A comparison JRuby vs. Ruby MRI with Sequel
Published: April 25, 2010 (almost 9 years ago)
Updated: almost 4 years ago
For the most part, I stick with Apache 2, Phusion Passenger, and Ruby MRI as my deployment stack. Even so, I regularly foray into other territories to see what’s going on in the wide world of Ruby. This weekend, I turned my eyes to JRuby again for the first time in almost 18 months. I wanted to explore how what JRuby would do performance-wise with a database intensive application.
I have been doing some data loading from one database into another using Pentaho’s Kettle and that got me curious about JRuby since Pentaho’s toolset is built upon Java. Quite simply, my work with Kettle got me wondering, “why not JRuby?” I’ve been hearing some great things about JRuby and how it greatly leverages the Java stack to bring you all manner of improvements over Ruby MRI, notably scalability on any one of the many Java deployment container servers and native-system threading capabilities.
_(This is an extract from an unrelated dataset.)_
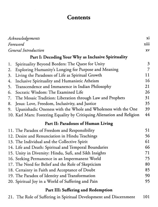 Far from being an eclectic compilation, this book presents a thoughtful and integrative approach to spirituality, inviting readers to engage deeply with each teaching and personalise the insights that resonate. It acknowledges life's paradoxes: the coexistence of suffering and joy, the challenge of embracing both freedom and responsibility, and the need to live meaningfully in our volatile, uncertain, complex and ambiguous world.

I didn’t pull down the latest and greatest JRuby libraries to my mac. I simply got what I could get via macports:
sudo port install apache-ant sudo port install jruby
I don’t know if the apache-ant port was actually needed or not, but I’d read that JRuby depended on ant to compile its components, so, fast as I could type the two port commands, and watch the terminal session actually install both, I was done. The above got me jruby 1.4.0 (ruby 1.8.7 patchlevel 174) (2010-04-22 6586) (Java HotSpot(TM) Client VM 1.5.0_22) [i386-java] and I was ready to play.
The JDBC Drivers
What I was really curious to find out is whether JRuby and sequel was all that hard to get set up and working with Sql Server 2000 MSDE and MySQL. Both proved fairly simple to get working, although I had to patch Sequel 3.10.0 to get MySQL working with JDBC.
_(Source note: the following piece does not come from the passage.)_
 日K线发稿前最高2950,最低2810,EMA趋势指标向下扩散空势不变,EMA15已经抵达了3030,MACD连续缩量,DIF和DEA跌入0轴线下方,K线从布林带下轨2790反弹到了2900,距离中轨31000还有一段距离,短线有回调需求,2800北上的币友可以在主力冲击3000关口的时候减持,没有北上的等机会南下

Microsoft SQL Server JDBC Driver
I was impressed with the Microsoft SQL Server JDBC Driver 3.0. It worked as advertised and was pretty straightforward to install, although I had to Google a bit to find out how since wading through the help docs didn’t help me. I found out that simply putting the jar file in JRuby’s lib folder was all that was needed. If you use port to install JRuby as I did above, then that folder on your mac is:
The latest GA version of the SQL Server JDBC 3.0 driver at the time of this writing was version 3.0.1301.101.
MySQL JDBC Driver
MySQL’s JDBC driver was equally easy to download and copy the jar to the above referenced JRuby lib folder. The latest GA driver version at the time of this writing was 5.1.12. One small change I had to make to Sequel 3.10.0 was to add the Statement.RETURN_GENERATED_KEYS option to the executeUpdate call in Sequel’s adaptors/jdbc.rb. The following thread on sequel-talk covers this.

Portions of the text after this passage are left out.